The US Department of Justice has filed charges against Russian Mikhail Pavlovich Matveev, allegedly known as Wazawaka, Uhodiransomwar, m1x, and Boriselcin, for his involvement in Hive, LockBit, and Babuk ransomware operations targeting victims in the US. Reports indicate that the extortionists demanded a total of approximately $400 million in ransom payments, of which $200 million was ultimately paid. Matveev is charged with conspiracy to transfer ransom demands, conspiracy to damage protected computers, and willfully damaging protected computers. If convicted, he could face up to 20 years in prison.

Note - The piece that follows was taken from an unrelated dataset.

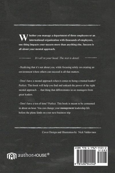 Whether you manage a department of three employees or an international organization with thousands of employees, one thing impacts your success more than anything else. Success is all about your mental approach. It's all in your head. The rest is detail. - Realizing that it's not about you, while focusing solely on creating an environment where others can succeed is all that matters. - Don't have a mental approach when it comes to being a trusted leader? Perfect. This book will help you find and unleash the power of the right mental approach ... that thing that differentiates so-so managers from great leaders. - Don't have a ton of time? Perfect. This book is meant to be consumed in about an hour. You can change your management leadership life before the plane lands on your next business trip

The FBI has stated that Matveev is responsible for multiple variants of ransomware and is actively attacking US businesses and critical infrastructure, including two law enforcement agencies: the Prospect Park Police Department in New Jersey and the District of Columbia Central Police Department. The Office of Foreign Assets Control (OFAC) under the US Treasury Department has also sanctioned Matveev for his cyberattacks against American organizations, including critical US infrastructure organizations, hospitals, schools, and law enforcement agencies.
OFAC representatives have noted that Matveev openly discussed his illegal activities in interviews with the media, shared exploit code with other cybercriminals, and claimed that local authorities would tolerate his illegal activities. As a result, the State Department has offered a reward of up to $10 million for any information that could lead to the arrest or conviction of Matveev.